WHAT YOU WILL DO:
Beginning with the line that contains "We have two" in the material below, print each line exactly until the line that contains "ベッドや布団を置く場所は、寝室の東寄りで南枕南寄りで東枕で寝ましょう。" has been printed, then stop.

SOURCE INFORMATION:
┌──
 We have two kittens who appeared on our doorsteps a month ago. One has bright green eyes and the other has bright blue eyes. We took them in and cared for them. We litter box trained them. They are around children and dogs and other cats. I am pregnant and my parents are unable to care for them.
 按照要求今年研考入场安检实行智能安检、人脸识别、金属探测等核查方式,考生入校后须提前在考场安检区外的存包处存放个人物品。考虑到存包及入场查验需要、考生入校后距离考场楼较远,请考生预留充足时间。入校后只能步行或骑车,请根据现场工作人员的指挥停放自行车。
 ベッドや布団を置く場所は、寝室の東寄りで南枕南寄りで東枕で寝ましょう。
└──
┌──
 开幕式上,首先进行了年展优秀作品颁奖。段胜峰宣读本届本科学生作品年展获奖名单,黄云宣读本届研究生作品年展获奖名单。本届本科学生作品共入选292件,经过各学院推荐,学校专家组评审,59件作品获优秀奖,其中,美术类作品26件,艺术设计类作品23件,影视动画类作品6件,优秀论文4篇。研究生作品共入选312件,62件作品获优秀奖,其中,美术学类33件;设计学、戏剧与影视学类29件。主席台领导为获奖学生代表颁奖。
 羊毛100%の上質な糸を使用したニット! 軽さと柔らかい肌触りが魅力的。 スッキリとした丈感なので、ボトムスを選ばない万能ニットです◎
└──
RESPONSE TO THE TASK:
 We have two kittens who appeared on our doorsteps a month ago. One has bright green eyes and the other has bright blue eyes. We took them in and cared for them. We litter box trained them. They are around children and dogs and other cats. I am pregnant and my parents are unable to care for them.
 按照要求今年研考入场安检实行智能安检、人脸识别、金属探测等核查方式,考生入校后须提前在考场安检区外的存包处存放个人物品。考虑到存包及入场查验需要、考生入校后距离考场楼较远,请考生预留充足时间。入校后只能步行或骑车,请根据现场工作人员的指挥停放自行车。
 ベッドや布団を置く場所は、寝室の東寄りで南枕南寄りで東枕で寝ましょう。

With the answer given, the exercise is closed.